La lotta di Greenpeace: un attacco alla libertà di protesta

Greenpeace è conosciuta a livello mondiale per le sue azioni dirette nonviolente e per la sua capacità di portare l’attenzione su temi ambientali ignorati dalla politica e dall’industria. Nel corso degli anni ha contribuito a importanti vittorie ambientali: dalla protezione degli oceani alla tutela della biodiversità, fino al contrasto alla deforestazione. L’organizzazione è indipendente, non riceve fondi da governi o aziende e vive grazie al sostegno di cittadini e cittadine di tutto il mondo.

La gigantesca compagnia petrolifera Energy Transfer ha intentato una causa contro Greenpeace negli Stati Uniti e contro Greenpeace International per 300 milioni di dollari. E quello che più temevamo è accaduto: una giuria in North Dakota si è espressa a favore di una condanna che porterebbe Greenpeace a pagare oltre 660 milioni di dollari in questa causa pretestuosa. In un contesto in cui politici negazionisti della crisi climatica, come Trump o Milei, governano interi Paesi, la battaglia per il futuro del pianeta e dei suoi abitanti è in serio pericolo.

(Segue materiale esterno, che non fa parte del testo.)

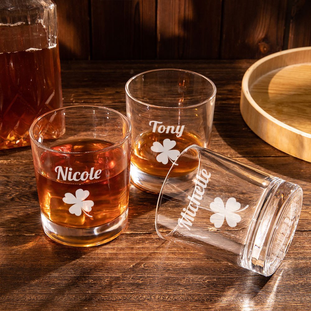 Het klavertje vier staat symbool voor geluk en voorspoed en is een iconisch symbool dat geassocieerd wordt met St. Patrick's Day. Het ingewikkelde ontwerp van het klavertje, vakkundig gegraveerd in de whiskeyglazen, voegt een geluksbetekenis en een verfijnd tintje toe. Het is alsof je een geluksbrenger in je handen hebt terwijl je van je favoriete wijn nipt.
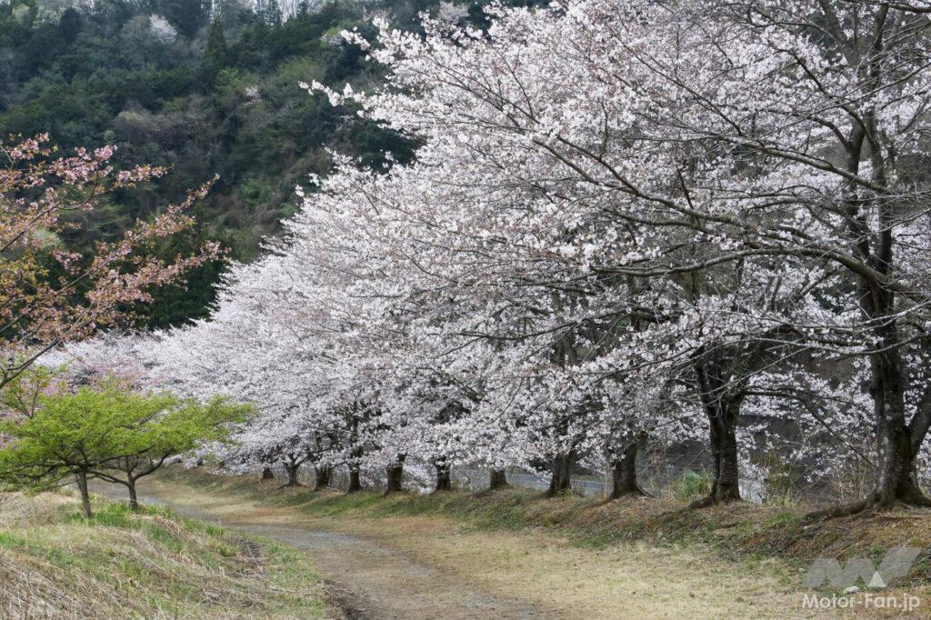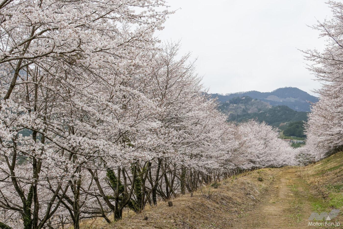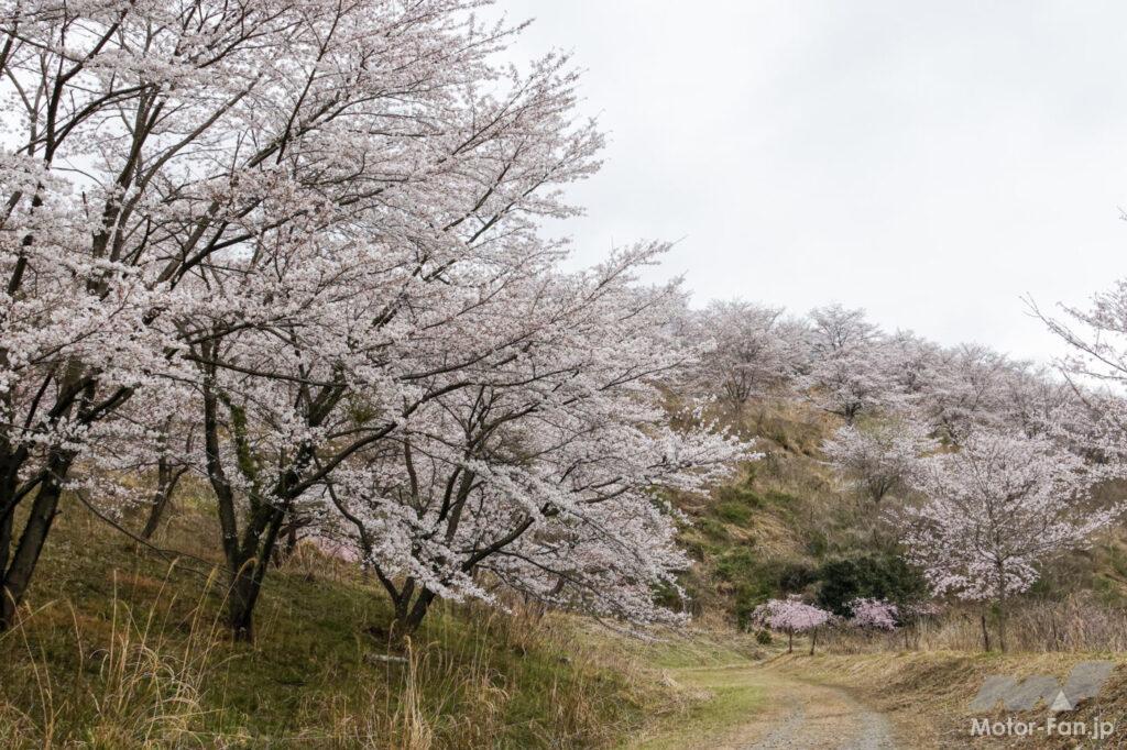 傾斜地に雛壇のように広がる桜づくしの光景は圧巻。プチハイキング気分で楽しむのにちょうど良いロケーションです。駐車場から散歩気分で行ける広場までは200m程度ですが既に標高差は40m。奥にある不動の滝までは1,200m。さらに奥の最高地点までは1,650mの距離で、155mの標高差があります。

L’azione legale intentata da Energy Transfer arriva in un contesto politico particolarmente complesso. In diversi Paesi del mondo stanno guadagnando spazio movimenti e leader che negano l’esistenza della crisi climatica, come il presidente degli Stati Uniti Donald Trump o il presidente argentino Javier Milei. Il rischio, sempre più concreto, è che venga criminalizzata qualsiasi forma di dissenso ecologista e sociale.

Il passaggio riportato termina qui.